His collaborators are found with their backs turned, eyes scrunched in laughter and bodies contorted away from the lens. They shift our point of view, asking us to leave the literal behind. “There’s a reason why I insist the biographical information not be the most important reading of the image. I don’t want my relationship with the person I’m photographing to end the conversation.” Rather, Brown says, “I’m interested in the residue of presence or activity, which encourages a slower, more ambiguous reading, versus an image that explicitly shows that action.”
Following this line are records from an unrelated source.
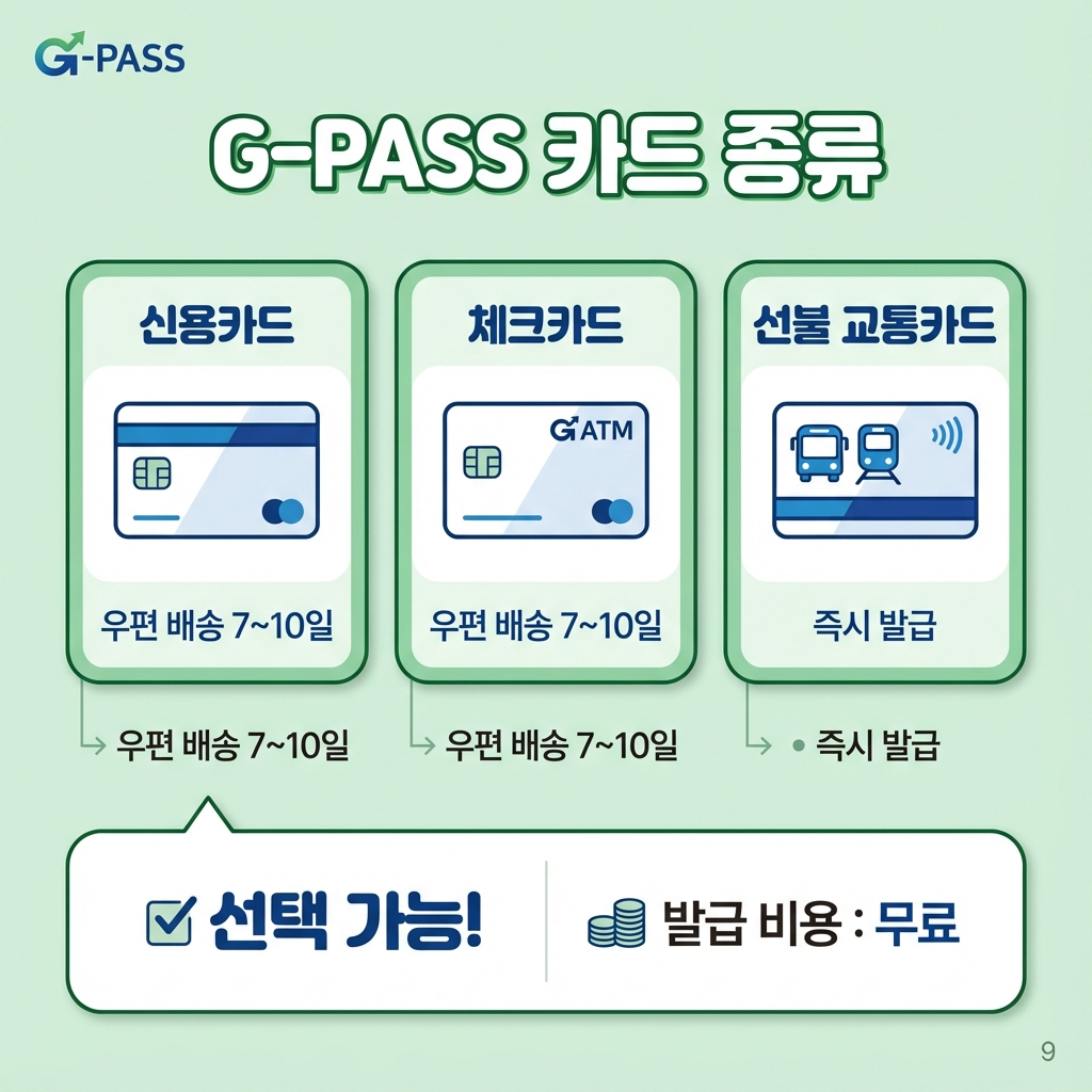 ④ 카드 수령: 신용/체크카드는 우편 배송(7~10일), 선불카드는 즉시 발급됩니다.
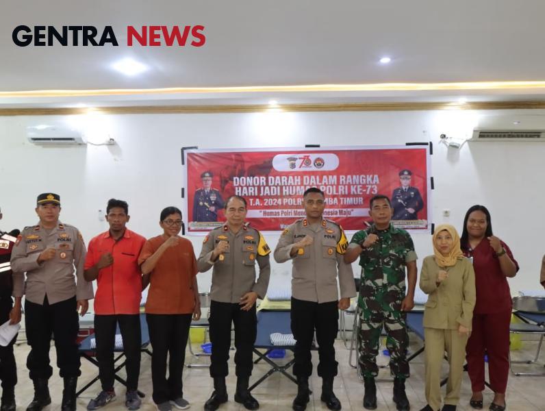 Gentra News Bali – Dalam rangka memperingati Hari Jadi Humas Polri ke-73, Polres Sumba Timur mengadakan kegiatan sosial berupa donor darah yang berlangsung di
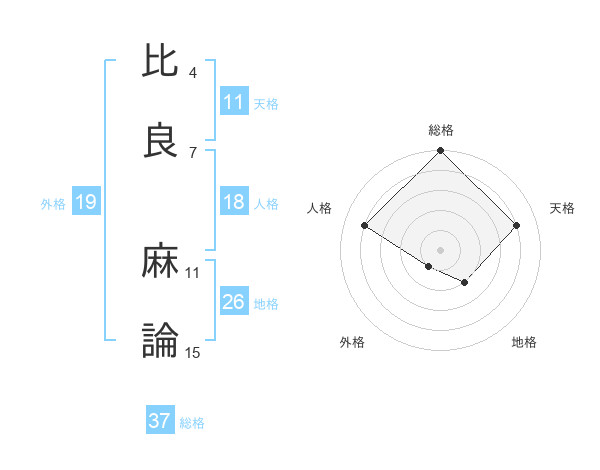 比良 麻論さんの総格は37画の5点!
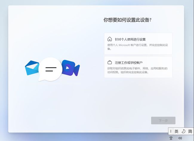 在此点, 计算机将重新启用, 下面的界面将在重新启动后显示 。 选择是否将计算机用于个人或工作学校账户 。 单击 [ 下一步] 在设置完成后继续安装 。
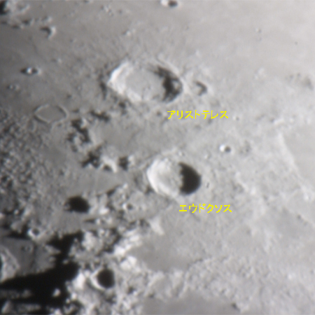 アリストテレスの右にある、溶岩流に埋没しかかったクレーターに注目。

In repurposing biography, Brown’s work requires a reckoning with the broad words associated with identity politics. “At the beginning of college,” Brown remembers, “my artist statement literally said, ‘I am looking at the intersection of blackness and queer identity.’ I was being confronted with all these terms, and it took time to make them my own.” This process was helped along by the artist’s taking a series of self-portraits—an introspective process that solidified Brown’s interest in framing narratives, rather than playing a starring role.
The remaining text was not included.